Social media's biggest behemoth has had it pretty rough the last few weeks. Lawsuits are pending against Mark Zuckerberg et al. over the botched IPO, alleging inappropriate sharing of information (who'd have thunk it?) and stock is down 32% since that launch. Study after study has emerged, both before and after the IPO, to confirm that the current Facebook ad regime is not resulting in significant consumer spending or ad clicks.


Then this week, reports of mysterious outages were followed by 5% shareholder Sean Parker announcing that he was "bored" with Facebook at the launch of his own new product Airtime.

All this bad news has led the chattering class to begin speculating: how firm is Facebook's foothold at the top of the social mountain?

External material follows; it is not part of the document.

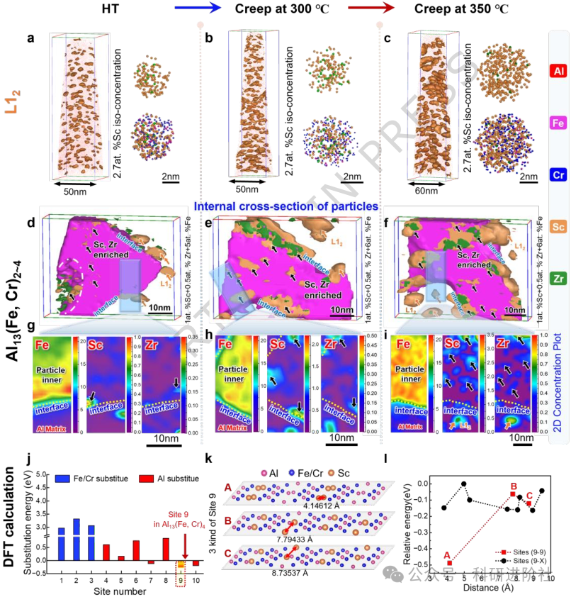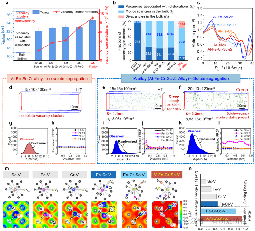 溶质-空位团簇:正电子湮没和APT证实,IA合金中存在大量V-Fe-Cr-Sc-V型团簇,密度高达10²⁵/m³,在300°C蠕变100小时后依然稳定。
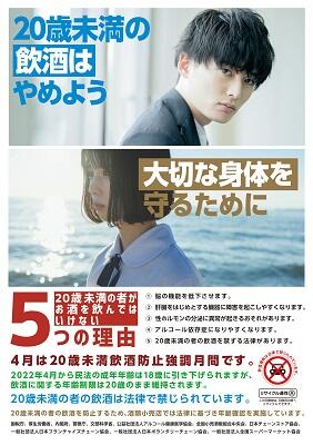 4月は20歳未満飲酒防止強調月間です。2022年4月から民法の成年年齢は18歳に引き下げられますが、飲酒に関する年齢制限は20歳のまま維持されます。20歳未満の者の飲酒は法律で禁じられています。当然20歳未満の者に飲酒を勧めてもいけません。20歳以上の方も他人への無理強いや一気飲みは厳禁です。死の危険のある急性アルコール中毒に直結します。自分も他人も大切にしましょう。

"In five to eight years," claimed venture capitalist Eric Jackson on the CNBC program Squawk on the Street, "they are going to disappear in the way that Yahoo has disappeared. Yahoo is still making money, it’s still profitable, still has 13,000 employees working for it, but it’s 10 percent of the value that it was at the height of 2000. For all intents and purposes, it’s disappeared."

In other words, this apocalyptic prediction is heralding not bankruptcy, but (perhaps even worse, in the social media age) irrelevance. To say that a company with 13,000 people has "disappeared" reveals a very different perspective from that which the layperson would take. Reminds me of political debates where someone says a billion dollars isn't a lot of money; I guess it's all relative.

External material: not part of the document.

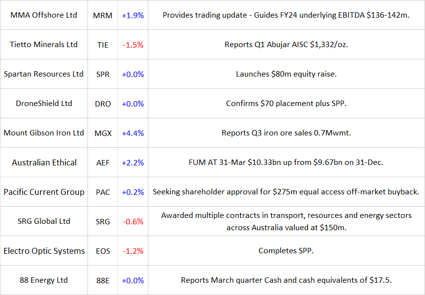ASX 200 rose 37 points to 7639 (+0.5%) off highs but bounces off 7600. Jobs data fails to stir. Good news for Iron ore miners with BHP production numbers and higher ore prices in Asia saw BHP up 1.5%, RIO up 1.7% and FMG lagging. Base metals finding friends again, MIN up 1.9% and PLS up 2.1%, with S32 modestly better, up 1.3%. Gold miners slightly mixed, EVN off 3.9% on broker downgrades after big rally. NST up 0.4% and NEM up 1.3%. Oil and gas stocks eased, WDS down another 0.4%. STO off 0.9% on production numbers. Banks were back in vogue, CBA up 0.7% and NAB up 0.9%, with the Big Bank Basket at $200.47 (0.7%). Insurers mixed, MQG up 1.2%. Healthcare remains under pressure, CSL is down again, and RMD trashed 4.3% on new drug trials from Ely Lilly on an alternative to sleep disorders. Industrials firmed slightly, and QAN had a good day, up 3.4%. Solly Lew has crept up the register in MYR to 31%. In corporate news, DRO conducted its own drone strike to raise $75m after big surge yesterday. MRM provided a good update, BSL fell 2.4% on US steel tariff changes, and CGF did well up 5.3% after raising guidance. On the economic front, we had an inline jobs numbers coming in at 3.8% unemployment. Nothing to see here, ANZ says first rate cut in November. Asian markets firmed, Japan up 0.5%, HK up 1.2% and China up 0.5%. 10-year yields at 4.29%. Dow Futures up 91 points. NASDAQ Futures up 88 points.
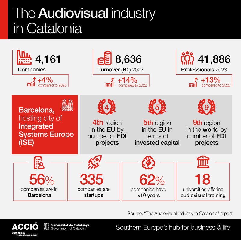 Catalonia provides an extensive offering of audiovisual studies and a wide range of audiovisual Master's degrees. This talent also generates a dynamic ecosystem of events and fairs that promote and give visibility to the industry, as well as attracting even more fairs to Catalonia’s capital, such as the Integrated Systems Europe event (ISE), the world’s most relevant audiovisual trade fair, previously held in Amsterdam and now held in Barcelona since 2021.

To understand the public's reaction to all this, you must factor in a certain amount of schadenfreude. Facebook is the world's largest clique, after all: a giant pep rally of almost a billion people. Even those who spend hours a day staring at the site are sometimes nursing a resentment kept barely below the surface. (One paradoxical phenomenon you're sure to have noticed by now: the Facebook-bashing Facebook status update. Oh, the irony.)

There's been an element of volatility to social media that goes even beyond the usual creative destruction or paradigm shifts that turned Yahoo! from a superstar to a bit player. There was a mass exodus from Friendster to Myspace (recently sold for $35 million after a peak value estimate of $12 billion) to Facebook. These companies were not just Web companies. They also resembled other social phenomena like nightclubs or fashions, which have a natural lifecycle of buzz, overexposure, and mass avoidance. As Yogi Berra (allegedly) said, "Nobody goes there anymore. It's too crowded."

It remains to be seen if an actual peak has been reached. The really alarming number for Facebook would be any sustained decline in real membership, and that has yet to happen, despite the fact that everybody's mom has crashed what used to be a raging dorm-room party.

In any case, for now, Facebook is still where the action is. It may be true that it has failed to deliver as a platform for paid advertisers, but it remains the indispensable social network. As long as that's the case, it will also be an important venue for local and small businesses, e-commerce, and even large companies like GM, if not to advertise, then at least to engage in. For now.